What I have assumed is that the retries are done once the transfer ran into an error and not at the end of each sync.

When retrying other files might have been modified.
I found a work-around for skipped file deletion using --delete-before.

But having a way to ignore errors for updated files and having a direct retry per file and not for all files, would be very helpful.

I might have overlooked a flag which allows me do get this retry behavior?

Is there a way to configure a retry per file instead of the full sync?

Here is my current command and the version and platform I am using.

Thanks for any tip

Daniel

D:/rclone/rclone.exe sync d:/notestest d:/rclone/test1 --ignore-case --exclude ".{ns,ntf,box,lck}" --exclude "*.{ft}/**" --ignore-checksum --local-no-check-updated --ignore-errors --transfers 1 --delete-before --fast-list -v -v 2>&1 > synclog.txt

rclone v1.50.2

  • os/arch: windows/amd64
  • go version: go1.13.4
    Windows 10.0.18362.418

Rclone has two types of retries, low level and full retries. It uses both depending on exactly what kind of error.

I think if you set --retries 1 then it will probably do what you want - carry on doing low level retries but only do 1 try of the full sync.

Thanks for your quick reply!

I saw the low level retries, which is documented to be 10 by default. I just tested again setting the value explicitly to 10.
In combination with --retries 1 the file is not copied and you see the following log messages:

-- Daniel

2019/12/31 11:19:51 DEBUG : IBM_TECHNICAL_SUPPORT/nsd_W32I_NSH-T470P_2019_12_29@22_46_40.log: Unchanged skipping
2019/12/31 11:19:51 INFO : Local file system at //?/d:/rclone/test1: Waiting for transfers to finish
2019/12/31 11:19:51 ERROR : IBM_TECHNICAL_SUPPORT/console.log: corrupted on transfer: sizes differ 46632 vs 46838
2019/12/31 11:19:51 INFO : IBM_TECHNICAL_SUPPORT/console.log: Removing failed copy
2019/12/31 11:19:51 INFO : IBM_TECHNICAL_SUPPORT/logasio_NSH-T470P_2019_12_30@16_52_52.log: Copied (replaced existing)
2019/12/31 11:19:51 ERROR : Attempt 1/1 failed with 3 errors and: corrupted on transfer: sizes differ 46632 vs 46838
2019/12/31 11:19:51 Failed to sync with 3 errors: last error was: corrupted on transfer: sizes differ 46632 vs 46838

New command tested:

D:/rclone/rclone.exe sync d:/notestest d:/rclone/test1 --ignore-case --exclude ".{ns,ntf,box,lck}" --exclude "*.{ft}/**" --retries 1 --low-level-retries 10 --ignore-checksum --local-no-check-updated --ignore-errors --transfers 1 --delete-before --fast-list -v -v

I thought that was what you wanted?

The other way do it would be to exclude the file using the --exclude flag.

In general it is really hard for rclone to work out if a file is open in a cross platform way - so rclone throws the error if it notices that the file has changed during the upload. You can use this flag to stop rclone doing that which might be what you want

  --local-no-check-updated           Don't check to see if the files change during upload

I want to copy all files and I don't know which file will be busy in that moment.
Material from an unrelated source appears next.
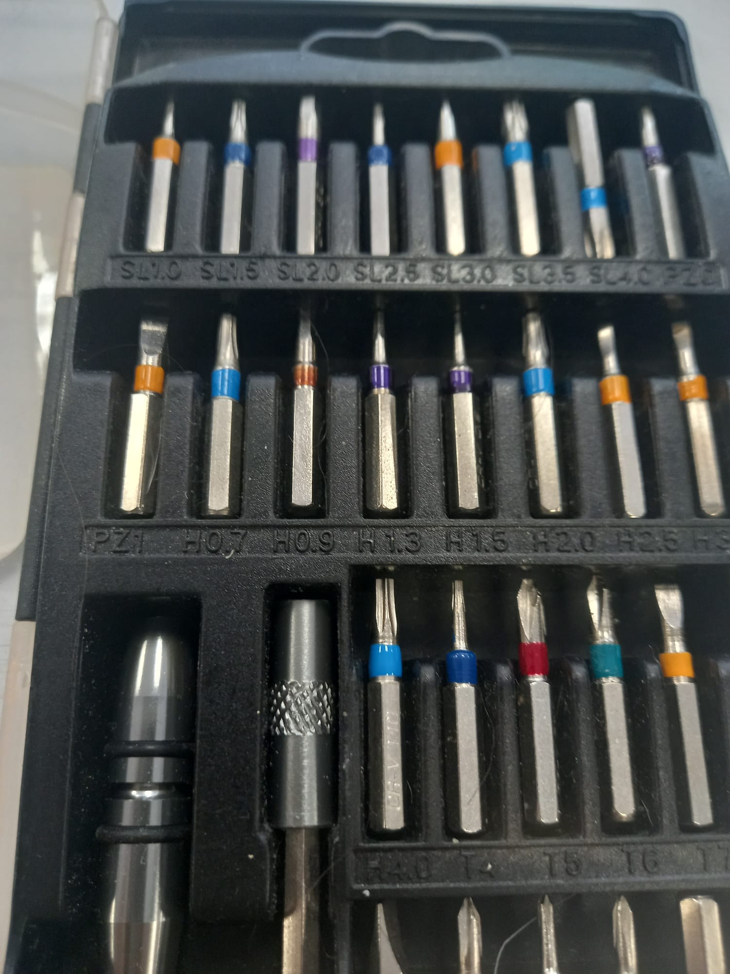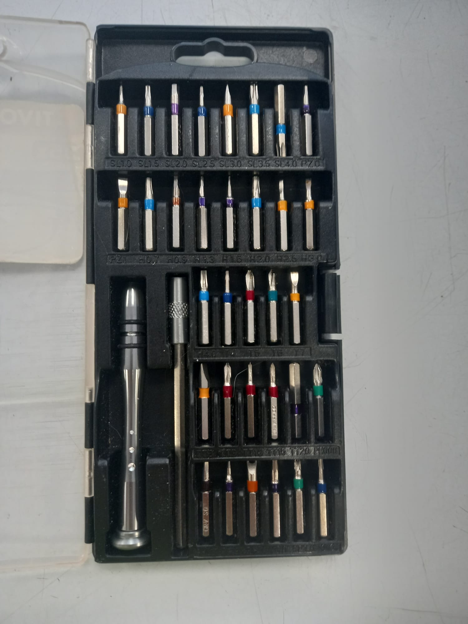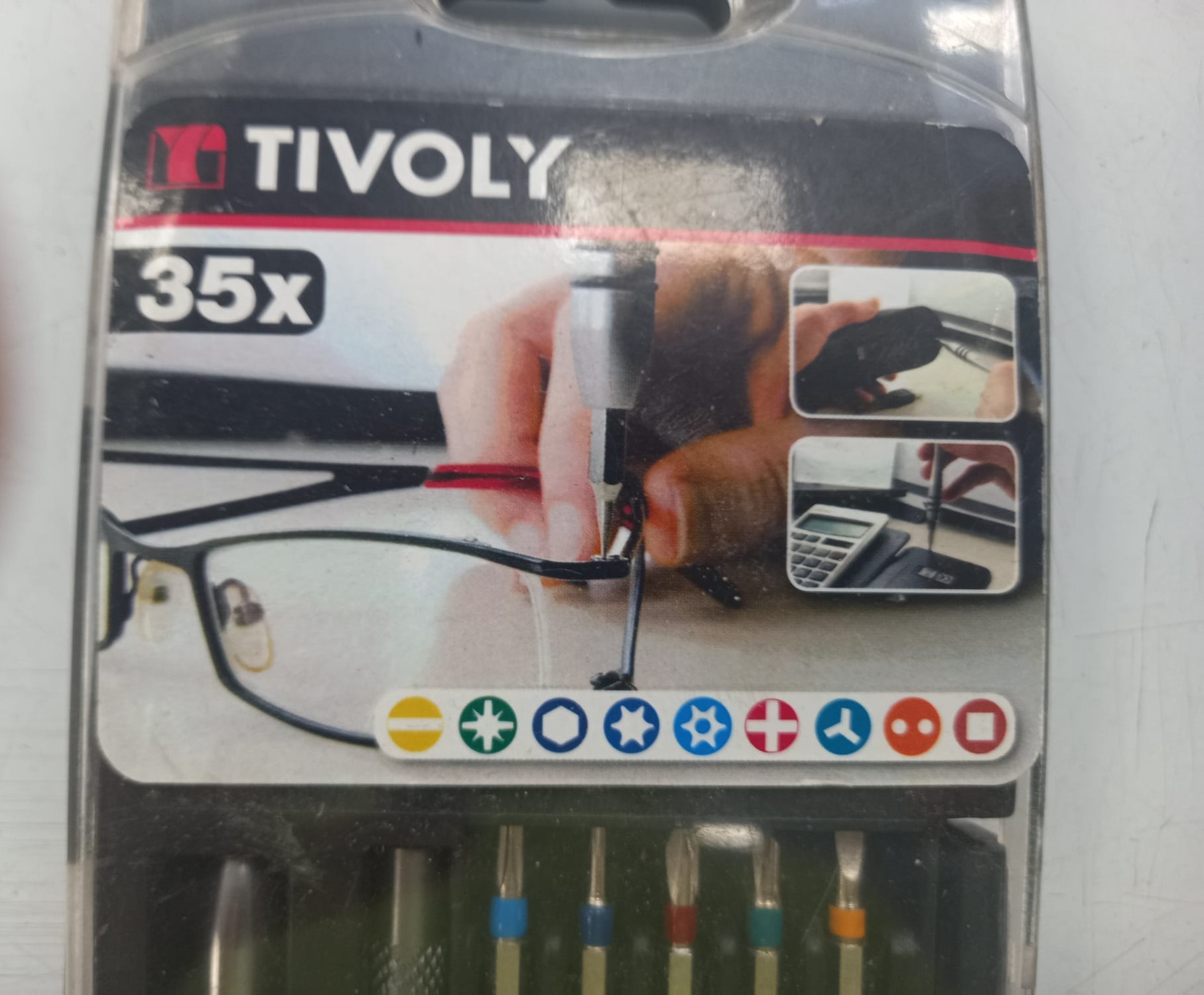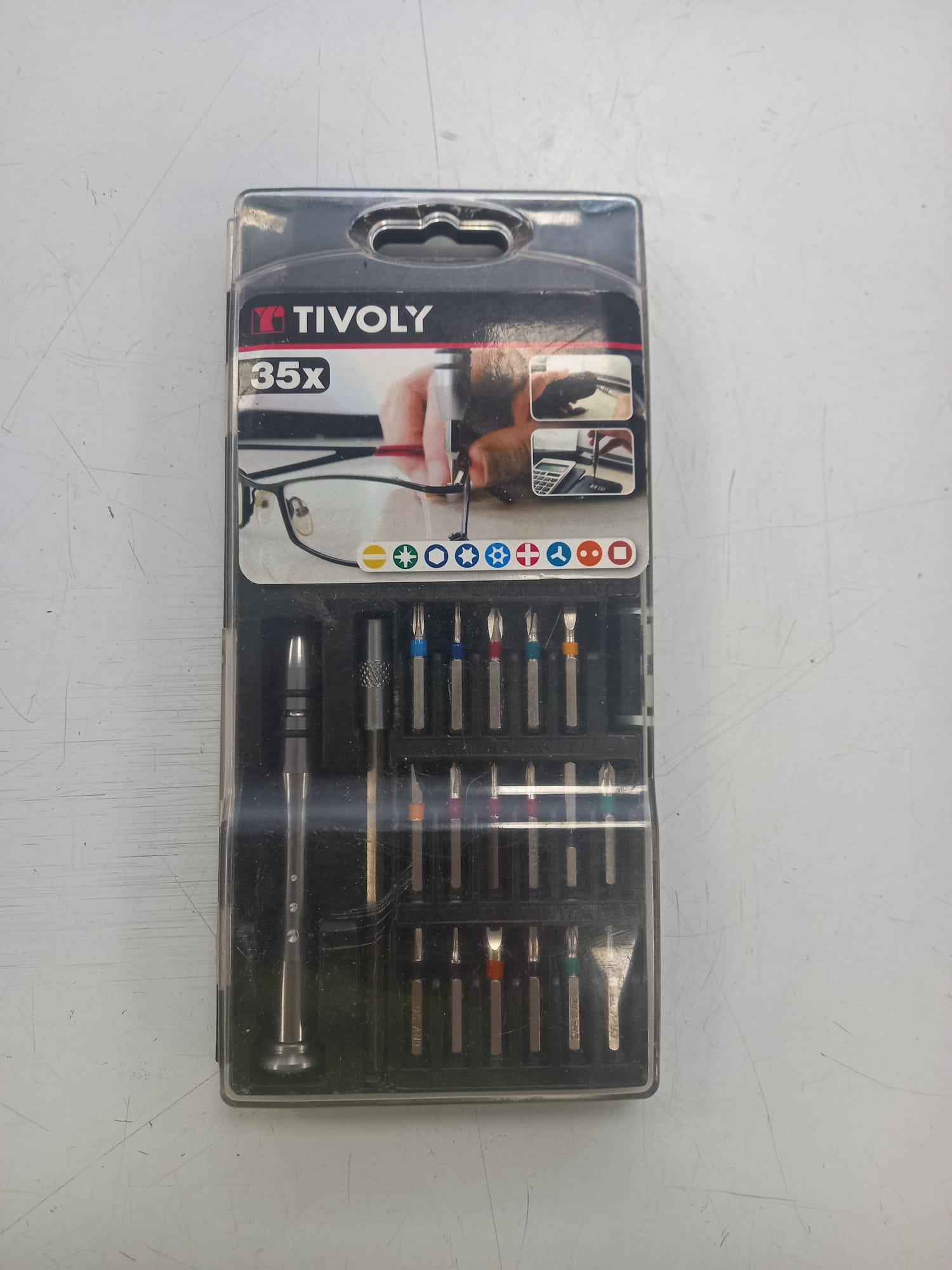 Set de destornillador de precisión Tivoly con 35 piezas. Incluye mango y puntas variadas. Ideal para trabajos de electrónica y reparaciones delicadas.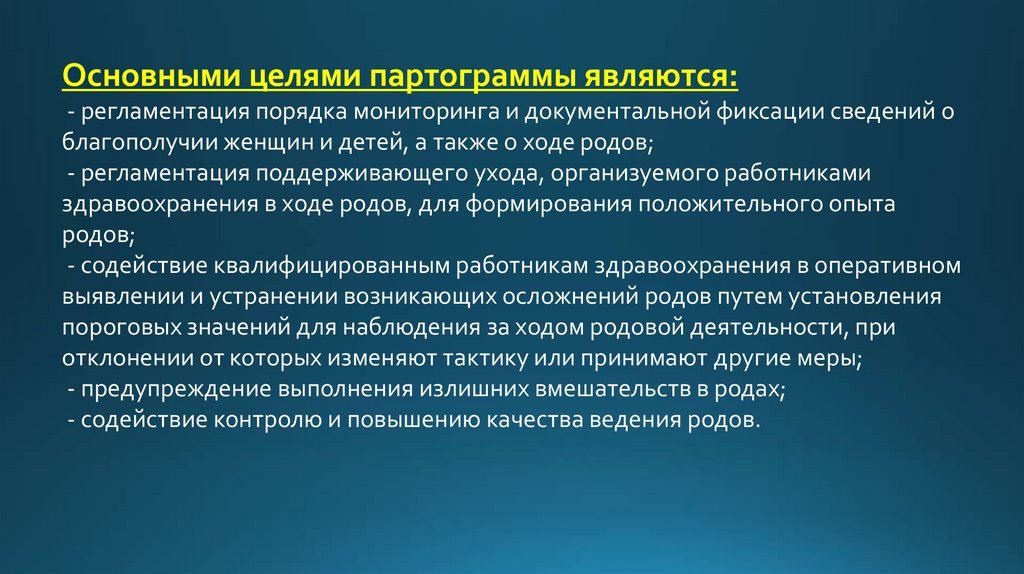 Основными целями партограммы являются:- регламентация порядка мониторинга и документальной фиксации сведений о

Here is what I want in detail:

Copy all files in the best possible way (if they are open and change, I want retries and finally copy them if multiple retries failed).

I would like to see an error only if the retries did not work.
What I did is setting the retries to 1 but the low-level retries to 10.
And I expected 10 retries for the console.log file before giving up.
So the low-level retries seemed not to be tried. Should they show up in the log as retries?

I can't exclude files. Thought of not having log files included, but I need them to be copied with "best effort" (retries and finally if n retries per file did not work, just copy them and show an error or warning).

Although this does not address your problem directly, I have a very similar use case and have found the most reliable method is to handle the logic externally and then feed rclone a list of files with --files-from.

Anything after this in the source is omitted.